Imagem de “Terroristas”: um conceito útil para ignorar problemas de governação

“Terroristas”: um conceito útil para ignorar problemas de governação

Em 2017 iniciaram os primeiros ataques no Norte de Cabo Delgado, protagonizados por uma milicia militar com inspiração religiosa. A resposta governamental começou por desvalorizar a gravidade dos acontecimentos, optando por uma estratégia de negação do conflito. Com a intensificação dos ataques e das destruições, o governo adoptou o conceito de terroristas para designar os guerrilheiros armados.

A violência gerada pelos alshababis ou machababis (como as populações do Nordeste os designam) está muito bem documentada. São conhecidos episódios de assassinatos, raptos e cobrança de resgates, casamentos forçados, pilhagens e destruição de edifícios, fenómenos responsáveis pela deslocação forçada de centenas de milhares de indivíduos.

Contudo, o conceito de terrorismo não capta a complexidade do fenómeno em questão. Se os alshababis provocam terror, a verdade é que também foram capazes de criar um sistema de caridade, de protecção e entreajuda económica a muitos indivíduos, através do qual obtiveram a cooperação de vários sectores da população, em locais onde o Estado teve dificuldade de penetrar. O grupo aliciou muitos membros concedendo apoios à constituição de pequenos negócios. Comida das Nações Unidas saqueada em vários ataques foi distribuída pelos populares.

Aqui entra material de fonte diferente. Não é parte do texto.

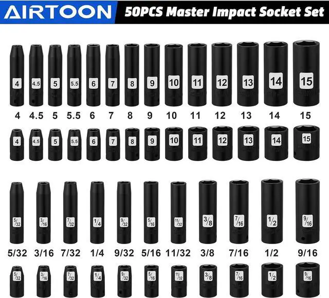 This complete shallow & deep impact socket set contains: 1/4"Dr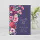 Moody Blommigt Spara datum. Ställ in scenen för bröllop med den mjuka elegansen i det här spara-till-datum-anslagskortet, där en fantastisk sidbukett med handmålade blommigtar tillför tidslös skönhet. Med lush ro, anemoner, kosmos, daisy och delfiner i djup , burgundi, blues, och lila, kompletterad med eukalyptus och emerald grey, blandas romantik och sofistikering utan problem. Med marin blå bakgrund kan blommigten av riken skina medan det finstilta skriptet markerar ditt speciella datum. Anpassa varje detalj, från ordalydelsen till stilar och storleken på teckensnittet, för en design av ett slag som reflekterar bröllop-estetiken. din stora dags upphetsning med en spara-till-datum som är lika minnesvärd som själva ögonblicket. Obs! Texten är elfenben som matchar samlingen men kan enkelt ändras.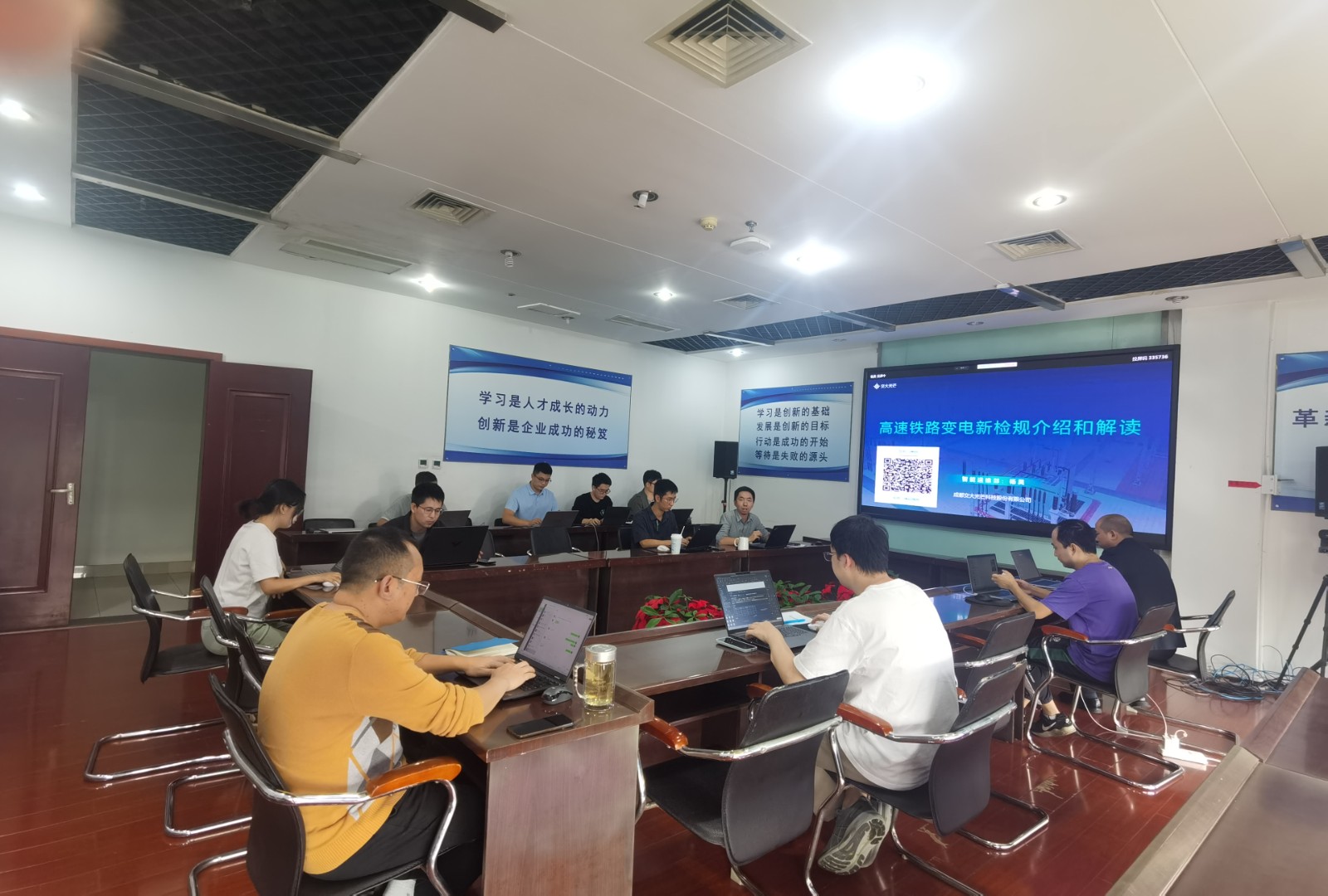 楊昊詳細(xì)解讀了新檢規(guī)的出臺(tái)背景、具體內(nèi)容和重大意義。他指出,新檢規(guī)落實(shí)國鐵集團(tuán)黨組關(guān)于牽引變電所無人化的工作部署,適應(yīng)信息化、智能化發(fā)展進(jìn)程,將牽引變電所運(yùn)行管理、運(yùn)維修試、應(yīng)急保障等規(guī)則予以完善,是交大光芒高鐵供電智能運(yùn)維系列產(chǎn)品的根本遵循。他強(qiáng)調(diào),研發(fā)中心要深入研究對(duì)標(biāo)新檢規(guī),對(duì)現(xiàn)有運(yùn)維產(chǎn)品進(jìn)一步智能升級(jí)改造,研發(fā)更符合時(shí)代需求的、更加智慧的實(shí)時(shí)監(jiān)測(cè)和科學(xué)診斷系統(tǒng),以新質(zhì)生產(chǎn)力賦能中國高鐵進(jìn)一步提升供電可靠性。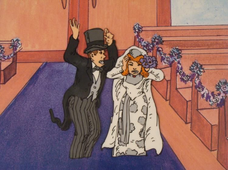 The bride and groom look very unhappy. * * * Original Animation Cel & Printed Background * * Medium: Hand painted acetate celDetails: Animation notations and peg holes * * Size of cel: 10 1/2 x 12 1/2 inchesSize of background: 11 x 14 inches * * Condition: Excellent * * * This is an original hand-painted cel set-up. Each one-of-a-kind set-up represents a slight change in position of the characters. When individually photographed and projected in rapid succession, the images appear to move. * * To create production cels, the original animator's drawing is transferred onto an acetate cel (by hand-inking and/or photo copying). The cel is then hand-painted on the reverse side. The background accompanying this set-up is a printed reproduction background. * The cel and background are in a protective sleeve. * * *

Quando a tropa ruandesa recuperou o controlo de Mocímboa da Praia, ao fim de cerca de um ano de ocupação, encontrou diversas idosas que haviam sido assistidas pelos alshababis.

Por outro lado, os vários actores armados na região foram responsáveis por violência e terror. Os abusos de direitos humanos provocados pela polícia ou pela tropa governamental foi denunciado pela Human Rights Watch e pela Amnistia Internacional. A força local constitui uma milicia armada partidarizada, com um historial de violência para com líderes da oposição. A força paramilitar naparamas têm um histórico de assassinatos no Sul da província.

Numa zona que constituirá o palco de um dos maiores investimentos em gás no continente africano, persiste a dificuldade de edificação de um Estado de Direito. No distrito de Palma ainda não funciona a procuradoria ou o tribunal. A Sul da província, a PGR permanece incapaz de investigar graves casos de violações de direitos humanos cometidos nas minas de Montepuez.

É neste cenário de injustiça generalizada, que merece ser entendida uma das principais exigências dos alshababs: a instituição da sharia. Se no sentido religioso sharia significa “justiça islâmica”, nas línguas do Norte de Moçambique Sharia constitui a palavra emprestada do árabe e trazida pela influência swaili para designar “justiça”. Ignorando fenómenos de injustiça generalizada, que afecta sobretudo os mais desfavorecidos, o governo continua a recorrer ao conceito de “terrorismo”, apelando à “vigilância” e “denúncia” das populações.